Several courses of action are suggested by this work. First, future studies are needed to address the impact of individual behavioral health diagnoses on ED use. Future studies may also assess the relative impact of the diagnosis and psychosocial factors, because it has been shown that psychosocial factors also affect ED use rates among frequent users (
9,
18). Future studies and ongoing clinical care management efforts should include data from the entire record, not just the ED notes, when seeking to identify patients for whom behavioral health factors may affect ED use. Finally, given the impact of removing behavioral health factors from the counterfactual model, clinical quality improvement and cost control efforts, as well as research, may be initiated to determine whether identification and case management of patients with behavioral health risk factors affect ED use rates.

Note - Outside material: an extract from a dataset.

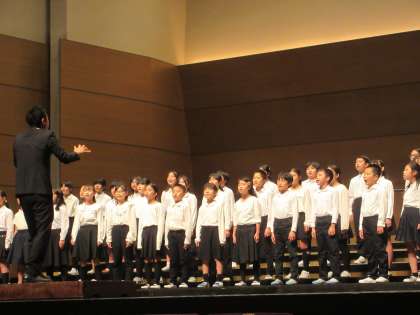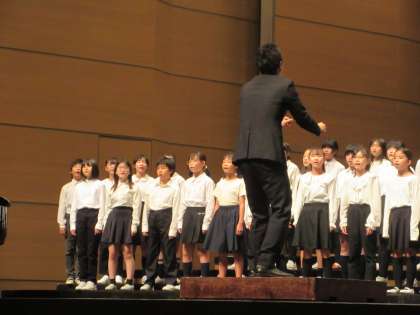 中央小学校の出番は、第1部の3番目でした。他の小学校の発表を聴きながら、少しずつ緊張を高めていく子供たちでしたが、ステージの上で堂々と合唱することができました。
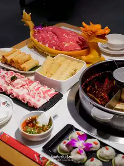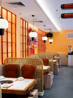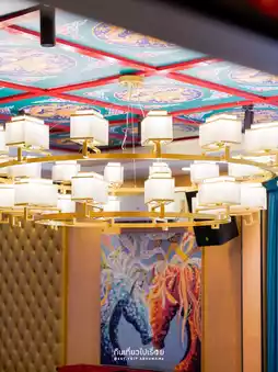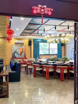 #Chinese restaurant CQK Mala restaurant, Huai Khwang branch, looks like it was recently renovated. It stands out with its warm atmosphere and full decoration. The restaurant is spacious with many tables to choose from. It is divided into several rooms and zones. Each room is decorated according to a different theme, giving a variety of feelings. Every corner is beautiful to take pictures of. The staff provides fast service, whether you come alone, as a couple, as a family, or as a large group. The restaurant has space to meet your needs.

This study had several limitations. First, we examined the impact of categories of behavioral health diagnoses rather than individual behavioral health diagnoses. This was done because it was not possible to confirm diagnoses with standard tools. Therefore, we did not attempt to calculate the relative predictive power of individual diagnoses, such as delirium and dementia. Similarly, we could not verify that patients with an insomnia diagnosis met insomnia diagnostic criteria and what type of insomnia they had. In addition, we could not determine how adjustment disorder diagnoses were made or how accurate they were; we suspect that for at least some patients, a diagnosis of adjustment disorder was a proxy for the presence of a high level of psychosocial distress experienced by the patient or family. Also, we were not able to include the severity of behavioral health conditions, only the presence or absence of these conditions. Second, it was not possible to confirm that prescription of a medication with multiple possible uses (for example, valproate) was exclusively for psychotropic versus nonpsychotropic indications. Third, this retrospective study captured only visits to the MGH ED and, as such, may be an underestimation of the likelihood and intensity of ED use. Fourth, although the simulated removal of behavioral health factors predicted lower ED use rates, this study could not determine whether actual reduction in the frequency or severity of behavioral health factors— for example, by improved recognition and treatment—might reduce ED use. Finally, this study could not explain how or why behavioral health factors predicted ED use. One can reasonably speculate that the presence of psychiatric illness (including substance abuse) or psychosocial problems may interfere with some patients’ capacity to engage with a treatment plan or collaborate with their clinicians, but this is an area for future investigation.
Conclusions
Behavioral health factors—especially the count of psychiatric diagnosis categories and psychotropic medications and the presence of a diagnosis of psychosis, a neuropsychiatric problem, an adjustment disorder, or a sleep disorder—predicted greater ED use in a high-risk, high-cost Medicare population after the analysis was controlled for comorbidities and other relevant variables.